The hinges, Fig. 8, (which Joiners improperly call pins), are made of beech, about a thumb’s thickness and from 5 to 6 thumbs in length; in the middle of which, and about 6 lines from the bottom, that is to say, from the straight edge, you drill a round hole a of about a thumb in diameter into which enters the pins of the crossbar of the leg. These hinges are attached under the table with some nails, which is the most normal way. However, it is much better to make them enter into a notch [that is] the thickness of their cheek in the underside of the table, [as] indicated by line b–c. This is not only more solid, but makes the top of the cross-piece of the frame support equally along the entire width of the table.
The racks represented in Fig. 9 are made of the same wood and of the same thickness as the hinges and are attached under the table with some nails, as with the latter. One is required to make some notches c–d, Fig. 3, into which enter the cheek of the rack. It would be good to make this enter into the notch in the tabletop of this same thickness, so that it attaches more firmly, and you are not obliged to make a notch in the crossbar of the leg frame, which conserves all its strength. However, as these notches serve to hold the leg in place, or at least to prevent it from varying, you can let the rack project by about 2 lines from the edge of the tabletop, [as] indicated by line d–e, which removes less of the strength of the crossbar and is sufficient to prevent the foot from varying. The racks normally have two notches, f & g, [NB: these elements are not present in the plate] to allow you to raise and lower the table as you judge appropriately, which you do by moving the cross-piece of the frame from one notch to the other, noting that the notch farther away is positioned such that the leg be at its normal height, which is for all dining Tables (where these legs are normally used) from 25 to 26 thumbs on the bottom of the table.
These sorts of legs are not used except for dining Tables of average size and are otherwise inconvenient and less solid, [with] their legs interfering with those who are placed around it. That is why one should prefer them in [an] X on the plan represented [as] in Fig. 4, which are the most solid, less awkward and less complicated, although constructed rather in the same manner, as you can see in this figure, of which inspection alone is sufficient.
The top of the uprights of this sort of leg should project past the crossbar by about 9 lines or 1 thumb, which is necessary to preserve the shoulder. This projection is necessary for entering into the notches that you put on the underside of the tabletop, so as to hold the leg in place. Sometimes you do not put a notch on the underside of the table, but you use some cleats into which enter the end of the uprights.

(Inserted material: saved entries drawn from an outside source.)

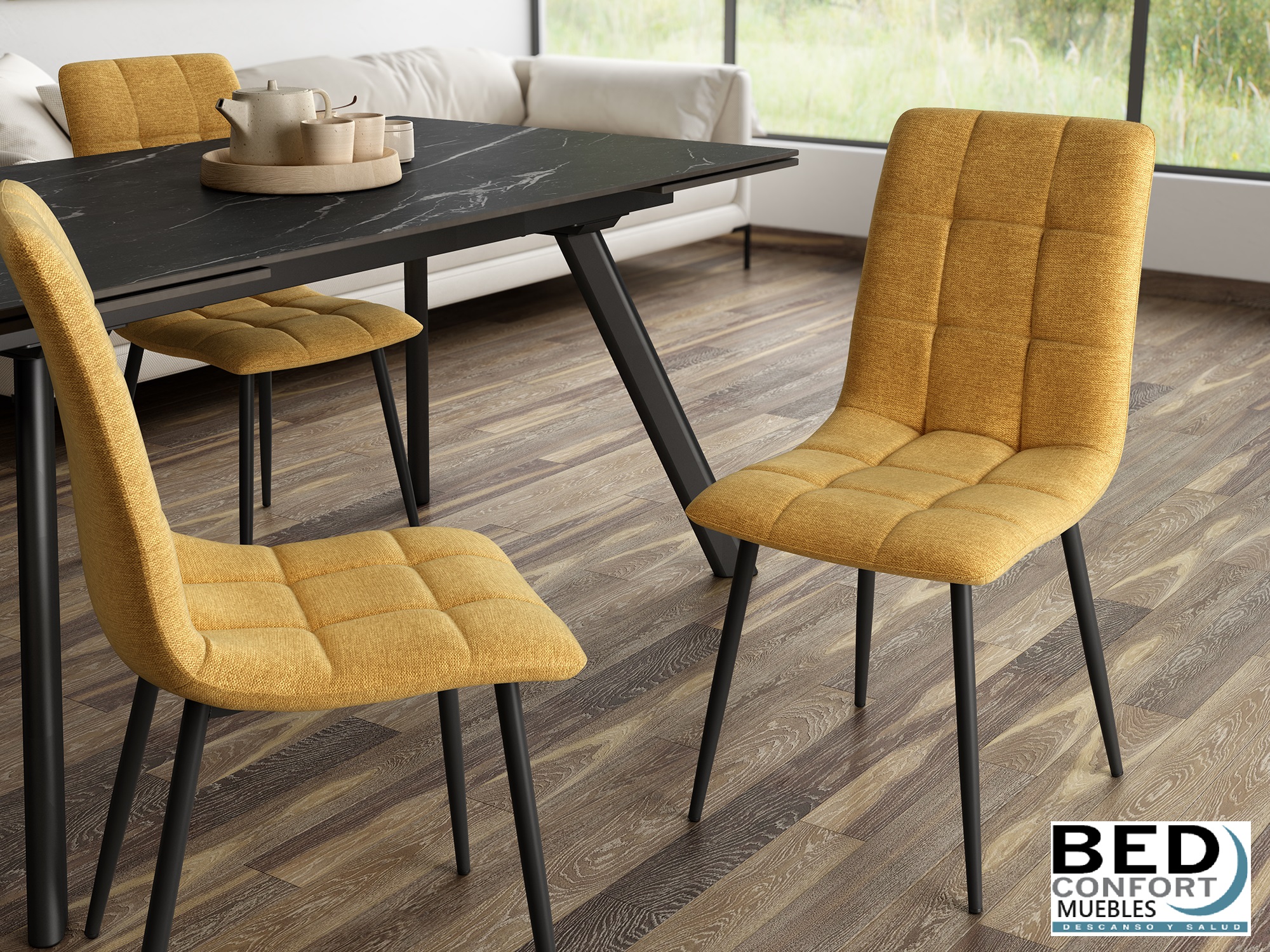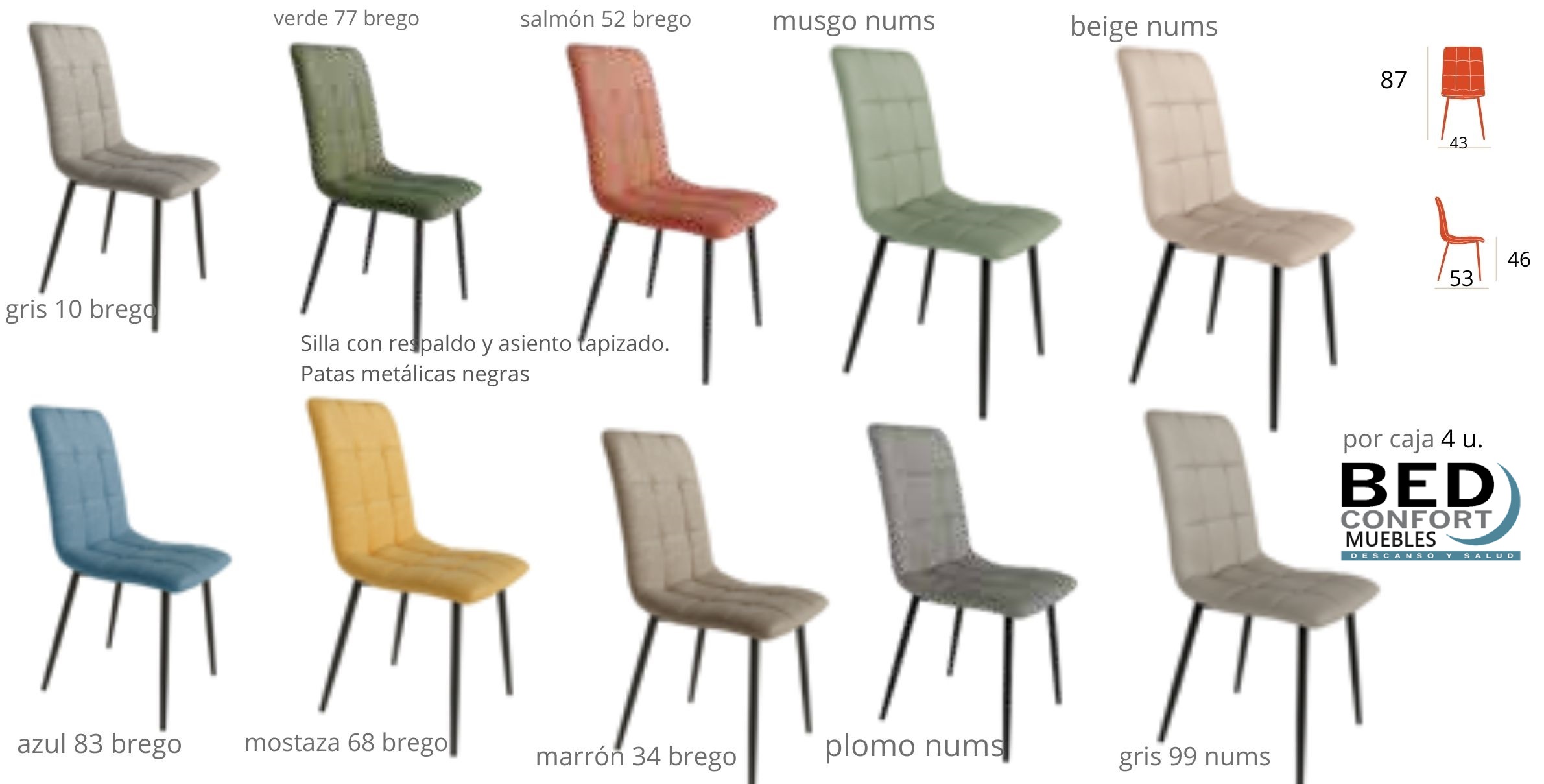 Silla con asiento y respaldo tapizado,patas metálicas negras.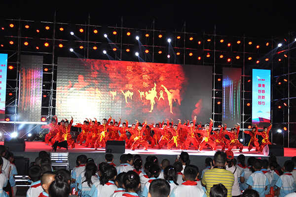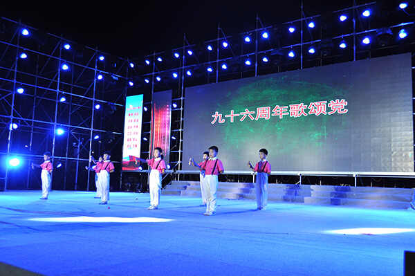 演出在舞蹈《鼓动飞扬》中拉开序幕,少儿群舞《映山红》、舞台剧《中国梦》、表演唱《绣红旗》、短剧舞蹈《在灿烂的阳光下》、独唱《不忘初心》、大合唱《歌唱祖国》、诗朗诵《追梦》、武术操《风云》、快板《九十六周年歌颂党》和歌伴舞《走向复兴》等10个丰富多彩的节目,把演出推向一个个高潮,赢得在场3000余名观众阵阵掌声。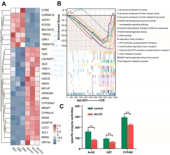 (A) Hierarchical clustering of differentially expressed genes. Red indicates relatively high expression, and blue indicates relatively low expression. (B) Gene Ontology–gene set enrichment analysis of mRNA expression in the honey bee brain. The vertical axis represents the corresponding running Enrichment Score (ES), with the peak value in the line graph indicating the ES of the gene set. ES > 0 indicates higher expression in the dsLOC group, and ES < 0 indicates higher expression in the CK group. The horizontal axis represents genes ranked in an ordered dataset. (C). Effect of lncLOC113219358 interference on enzyme activities of AChE, GST, and CYP450. Asterisks denote significant differences: ** p < 0.01.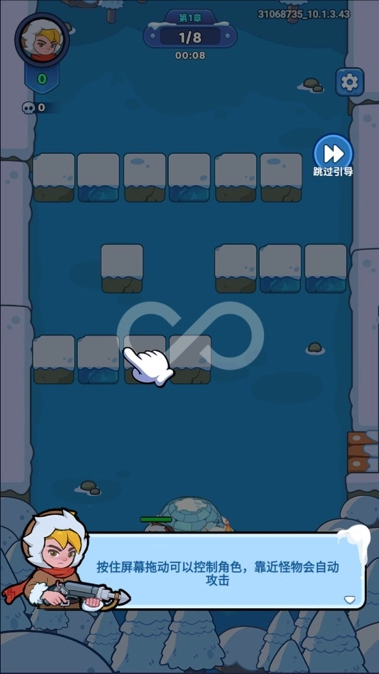 2、按住屏幕拖动可以控制角色,靠近怪物会自动攻击。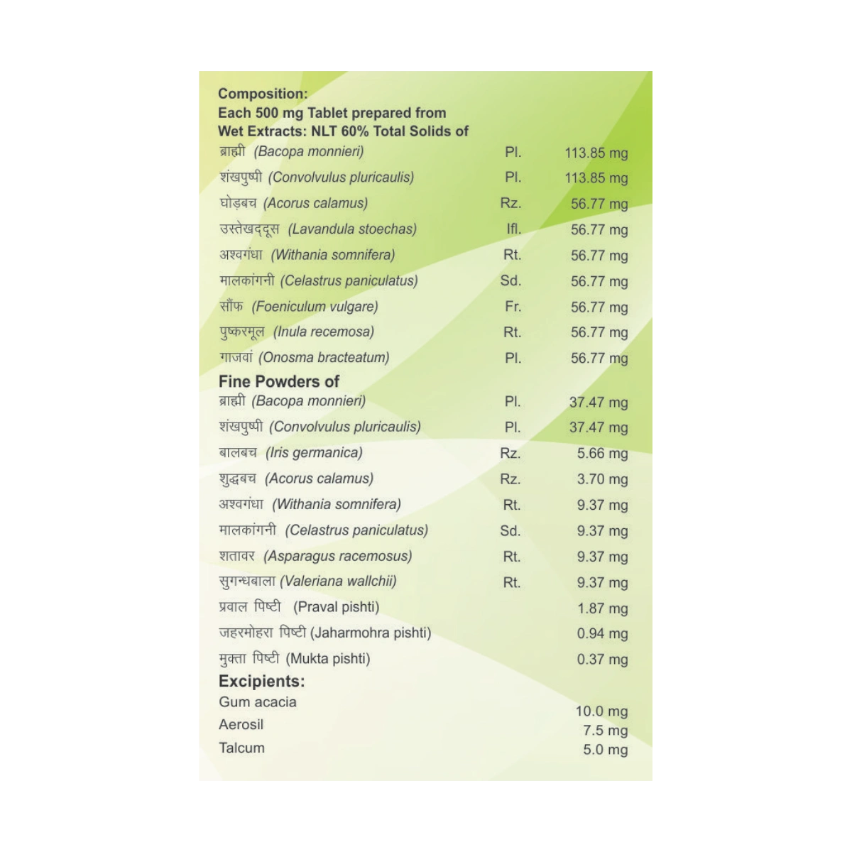 Brahmi, Shankhpushpi, Ghodbach, Ustekhaddus, Ashwagandha, Malkangani, Saunf, Pushkarmool, Ganjvan, Bal Bach, Shuddh Bach, Shatavar, Sugandhbala, Praval Pishti, Jaharmohra Pishti, Mukta Pishti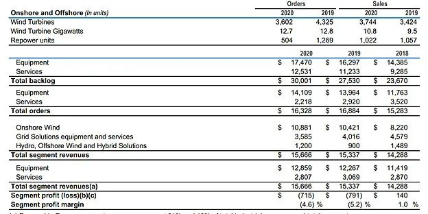 有一个数据在GE的四个工业板块中都很重要,这里提一下:即服务类营收占总营收比例。一般而言,工业行业最赚钱的就是“剃刀-刀片”模型,卖一个剃刀出去可以亏损,但不断卖刀片就可以迅速回本然后大赚,因此高利润率服务类营收占比越高,相对而言这个板块的竞争优势和盈利能力也会越强。2020年传统能源行业服务类营收占总营收比例为62%。这个行业的两个比较重量级的玩家是GE和西门子(SIEGY)。
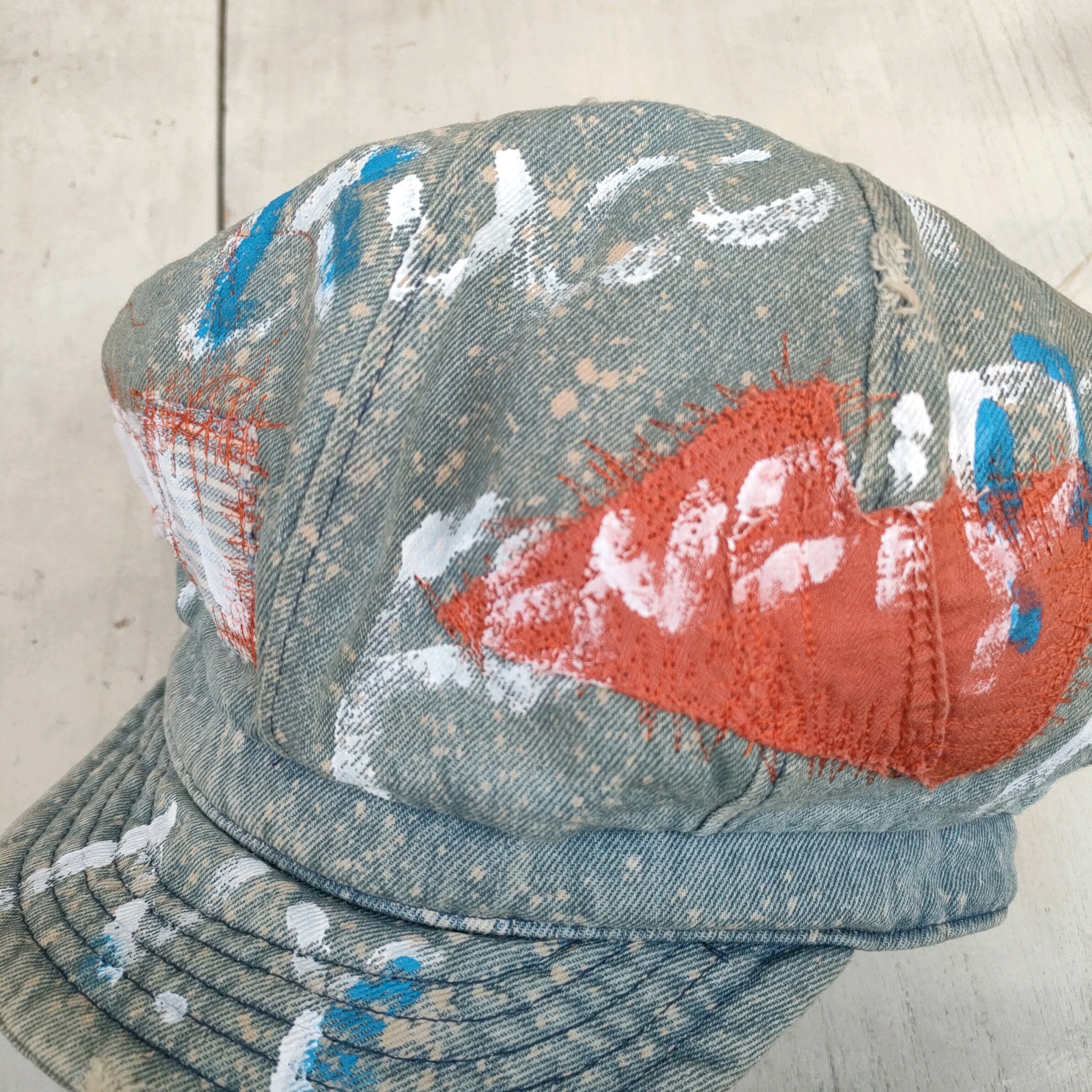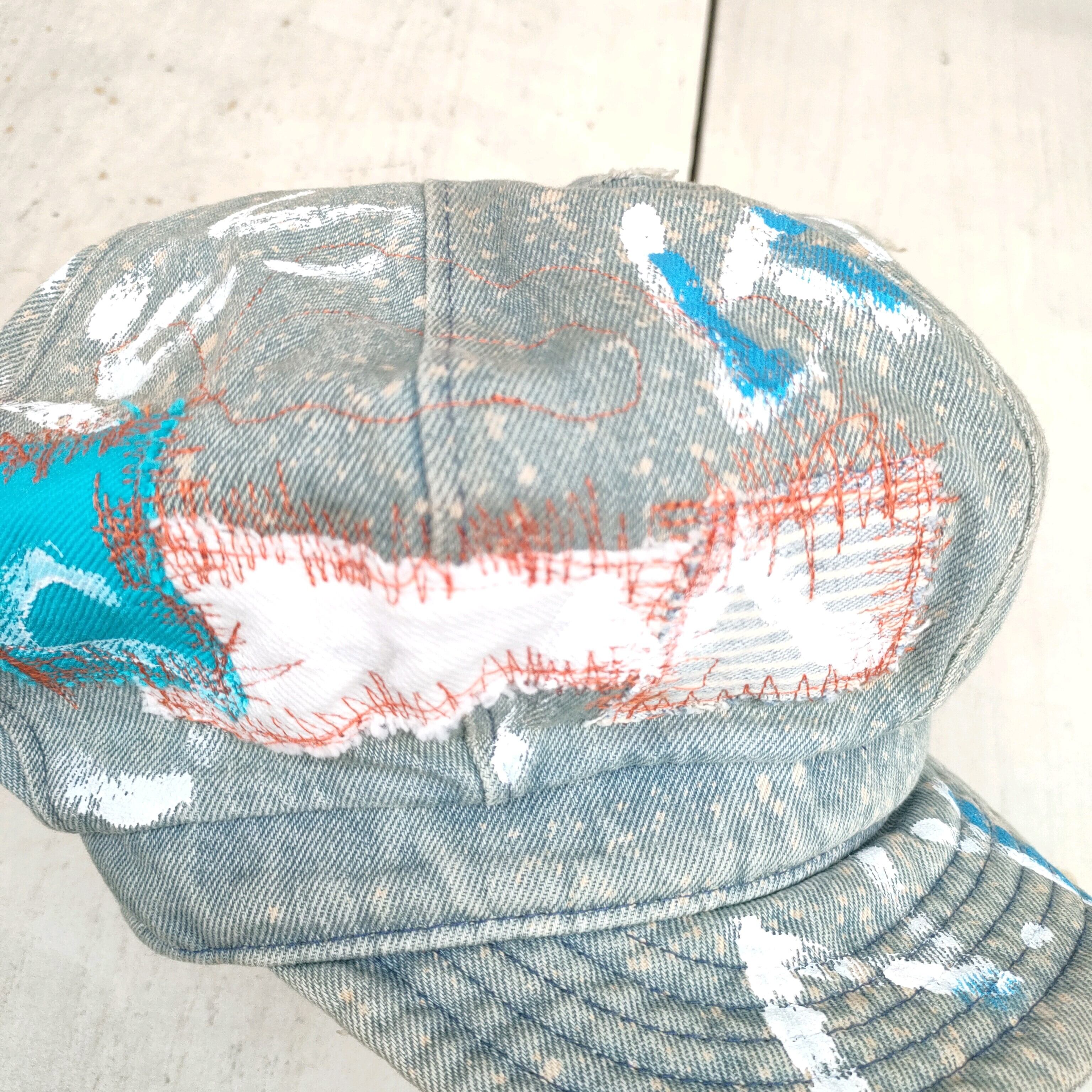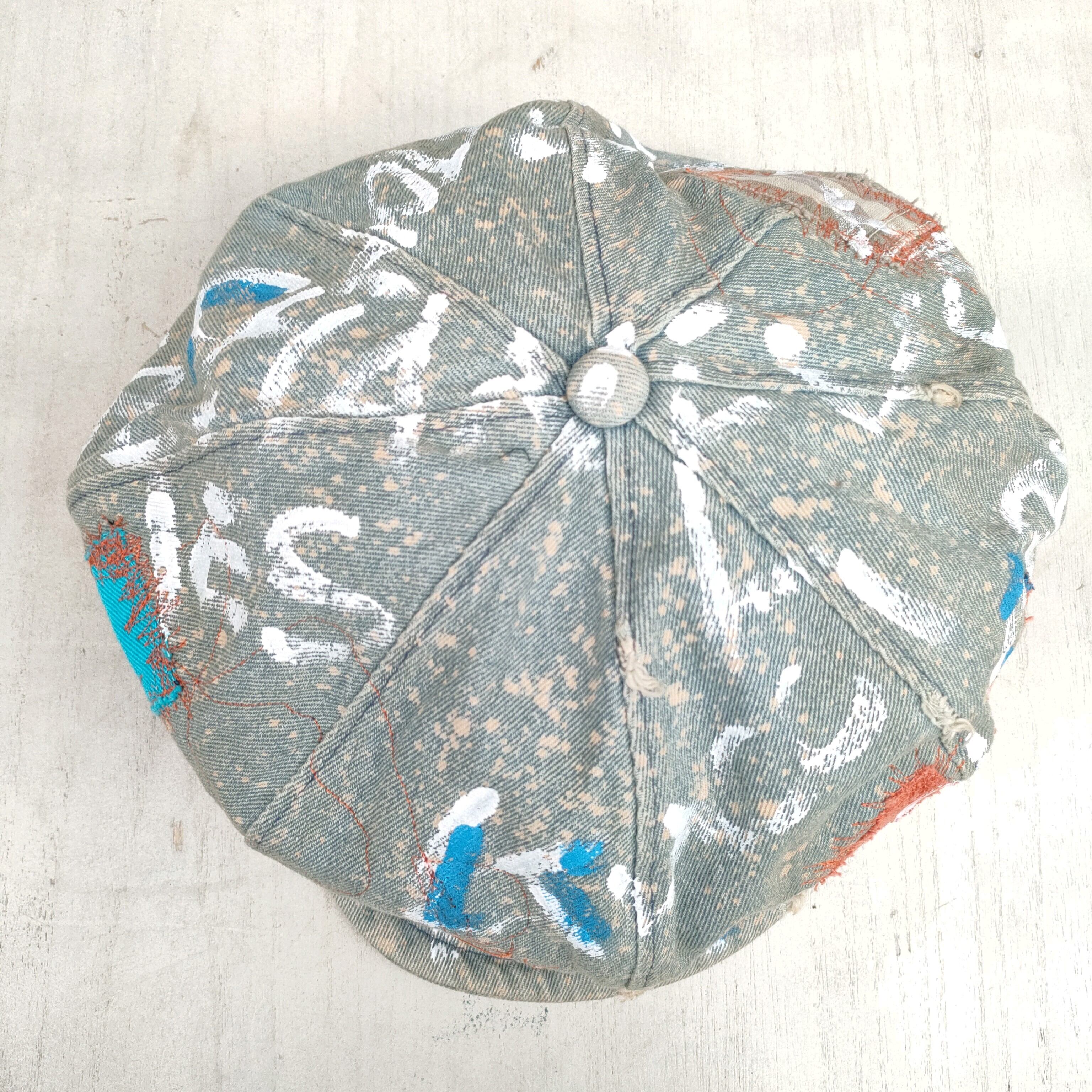○【1点物】MUTOID/あきもとまさあき/ペイント/カスタム/リメイク/古着/デニム/キャスケット/アイスブルー/RK19KE16/004/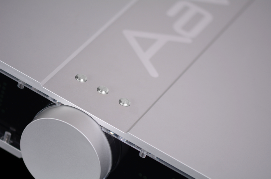 C-150前级放大器的外形非常具有个性:看起来体积不大、高度还不到10cm,顶盖、侧板都是厚实的铝板,与一般平价器材的铝挤压盖板相比,坚固结实得多。面板正中是一只巨型的调节旋钮,与上方顶板相应位置的三只轻触式按键配合使用。最夸张的是它的面板也是巨大的液晶显示屏,圆形发光点构成字母和数字,既有未来的科技感,看上去也极为显眼,哪怕你距离机器5米开外,也可以看清这些字样,大大提升了易用度。另外,在顶板正中,蚀刻有Aavik品牌名称,箱体两侧则是经过CNC精密加工的翼形大型散热片,整体金属加工质感相当精致,细节加工以及阳极处理后的喷砂涂装都具有高超水平。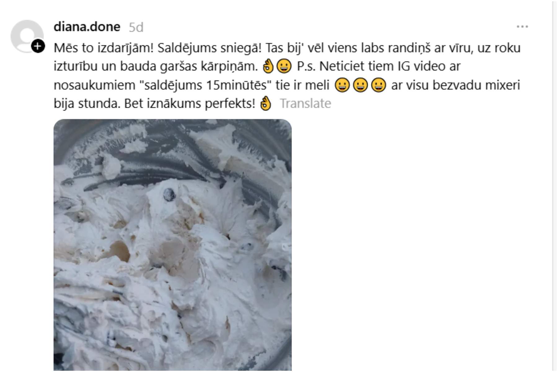 Taču, ak vai, – daudzi sūdzas, ka šis brūvējums ir ārkārtīgi salds. Daudziem nemaz īsti nav gājis pie dūšas šāds pašgatavots saldējums, bet daudzi arī slavē procesu un kopābūšanas prieku, ko šis saldējums ir devis.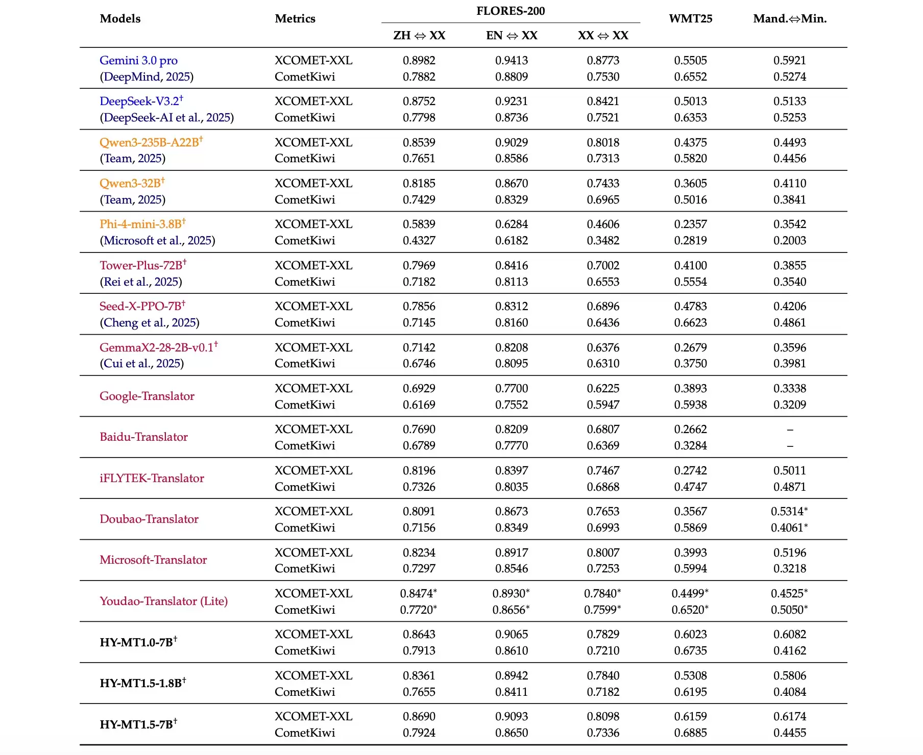 当然,速度快绝不意味着牺牲质量。在翻译质量的权威标尺——WMT25和Flores200测试集上,混元翻译模型1.5交出了一份令人惊讶的答卷。1.8B版本尽管主打轻量化,其翻译水准却丝毫不弱。评测数据显示,它已达到谷歌超大规模闭源模型Gemini-3.0-Pro约90%的水平。这个数字不仅是一次胜利,更打破了业界对小参数模型“能力有限”的固有认知,完美诠释了如何在质量与效率之间找到那个黄金平衡点。

These sorts of table legs are very convenient for a dining table of a certain size because they do not interfere in any way with those who are seated around it and they take little space when folded, as you can see in Fig. 6, which represents this leg completely folded and viewed from above. This is preferred to all others for dining Tables of average size. What’s more, these feet are normally of a very simple construction and are consequently less costly, which is one more reason to prefer them.
Other folding legs are required, much more complicated than those that I just spoke of, but which are at the same time more solid. The leg represented in Fig. 5 is composed of six frame sections, or better said, of four – two on the side and two at the ends – which each break into two parts in the middle of their width. These frames are closed by pinned hinges on the inside on the frame and in the middle of the two outside. When you wish to fold them, you make them move toward the inside of each side, which make these fold thus, hardly 5 thumbs of thickness, as you can see in Fig. 10, which represents this folded foot held in place by a hook of iron ab, which you can remove when you wish to open it.
When this foot is open, you hold it in place with a flat iron hook, c–d, Fig. 5, which is placed behind the break in the middle. We also have the custom of placing there a movable brace, which is nothing other than a board of a length equal to that of the leg, and large enough so that it can hold the two uprights in the middle which enter into the notch in the ends of this spacer, which sometimes you make of assembled braces to make it lighter, like the campaign Tables represented in Fig. 6, Plate 251.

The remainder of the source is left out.